Why Coding Agents Fail at ML (and How to Fix It)
- Track:
- Machine Learning, NLP and CV
- Type:
- Poster
- Level:
- intermediate
- Duration:
- 60 minutes
Abstract
Over the last year, LLM-based coding agents have matured to the point where they can autonomously navigate codebases, edit files, run tests, and iterate on solutions with minimal human input. Many Python teams have started applying these agents to machine learning projects, where the volume of repetitive experimental work makes automation appealing.
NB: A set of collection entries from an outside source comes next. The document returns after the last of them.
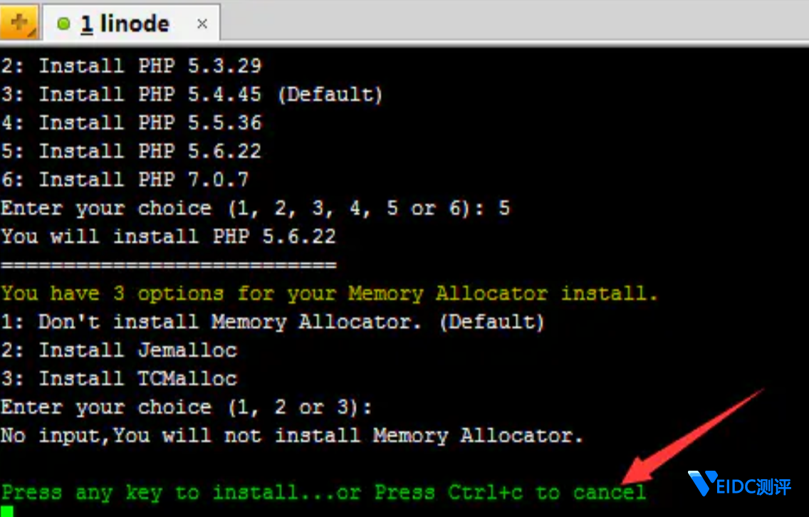 如果你是 Linode 5 美金方案,一定要选择默认的 5.5(输入2),选择不了5.6。
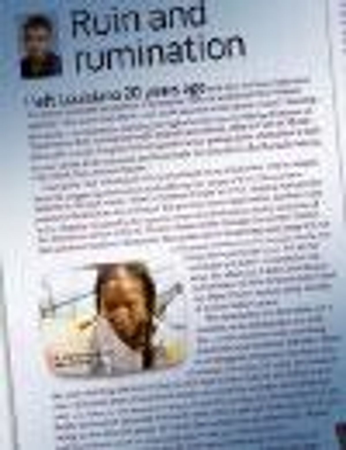 The devastation of a hurricane--or a tsunami, or an earthquake, or a wildfire--is just statistics until something punctures your emotional defenses. Masses of struggling humanity may leave you awestruck but unmoved, while the image of one man clutching the beloved dog he can't bear to leave behind will reduce you to sobs. Helicopter shots of inundated streets may look like so much alien landscape until you listen to one amazing woman named Charmaine Neville describe how she barely survived for days and eventually stole a bus to get her loved ones out of town, crying as she drove by people for whom there simply was no more room.
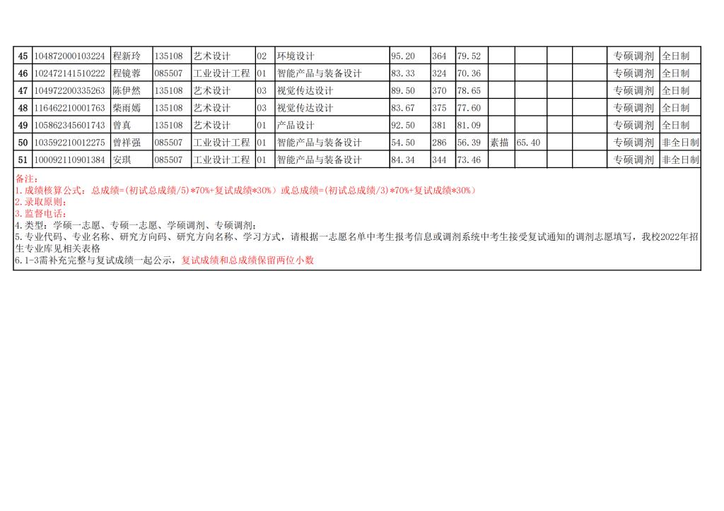 2022年硕士研究生复试成绩公示 (第一批调剂)
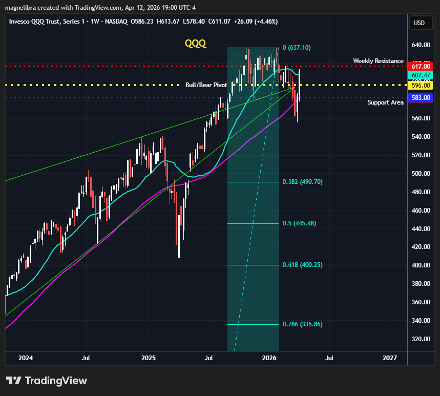 This week the QQQs will have 596 as the focus to stay above for the bulls. The large back to back weekly candles seem like reactionary moves to the middle east outcomes and are driven by CTA trend followers adding to positions, but that sentiment does change quickly if the prior two weeks moves are negated, CTA trend followers will move to net sellers not buyers:
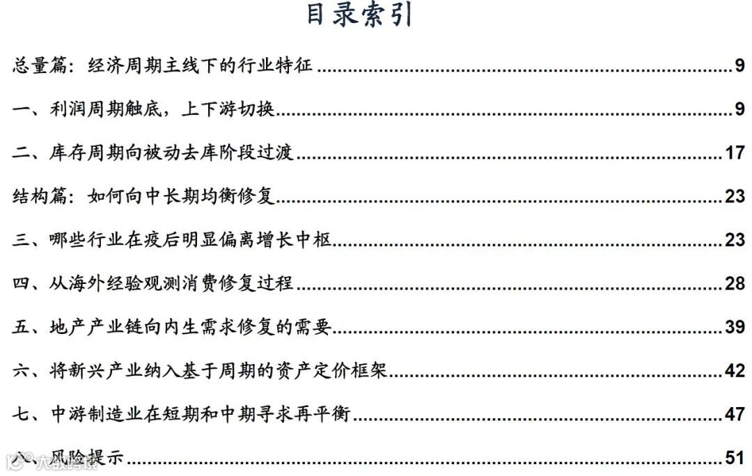 在防疫政策优化“二十条”、“新十条”加快的落地的背景下,我们需要提前站在疫后视角上观察经济变化,中观角度的梳理就显得更为重要。在本篇研究中,我们会先后站在利润周期、库存周期、疫情缺口、产业链线索等四个角度展开。
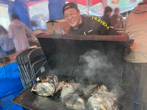 また、マグロの頭も炭火で焼き、こちらはふるまいとして提供しました。
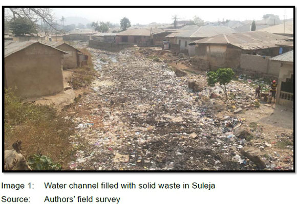 During the field survey, it was observed that uncollected solid waste littered many of the streets and water channels in Suleja (see Image 1). It was said that, since 2013, the Niger State Environmental Protection Agency collected an annual average total of 308 940 cubic meters of solid waste in Suleja. It should, however, be stated that this statistic did not seem to reflect the true picture of solid waste collection in the area, as large volumes of solid waste were left uncollected daily in Suleja (Adeleye, 2015).

However, coding execution and ML optimization are not the same problem. In software engineering, success is often local and binary: a feature works or it does not, a bug is reproduced or fixed. In ML, code correctness is only a prerequisite. Progress is determined by measured model behavior across repeated experiments, and that measurement only happens after training and evaluation are complete. This distinction creates a coordination gap. Coding agents can generate and modify training code, but without external structure they drift over long experiment horizons. Teams encounter recurring failure modes: multiple coupled changes in a single step make results unattributable, LLMs lose context and rediscover already tested hypothesis in slightly different wording, etc.
This poster presents an architecture that addresses the gap by pairing coding agents with a deterministic (non-LLM) orchestrator. The orchestrator manages experimentation as a tree search. It starts from a reproducible baseline, samples hypothesis-driven modifications constrained to a single aspect per step, evaluates each modification through a fixed entrypoint that returns multiple metrics, and decides which branches to expand or prune based on statistical evidence. Each experiment runs in an isolated git worktree, so every branch has a clean file state, an independent diff, and a separate log. An anti-repetition memory tracks previously attempted hypotheses across the tree to prevent the agent from regenerating equivalent ideas. When stopping criteria are met, an integration stage combines winning branches and evaluates the result.
This presentation is aimed at ML engineers and data scientists who have experimented with (or are considering) coding agents for their workflows. Attendees will learn how to utilize coding agents for ML tasks and structure experiments as an LLM-searchable trajectory with deterministic controls rather than a sequence of ad-hoc edits.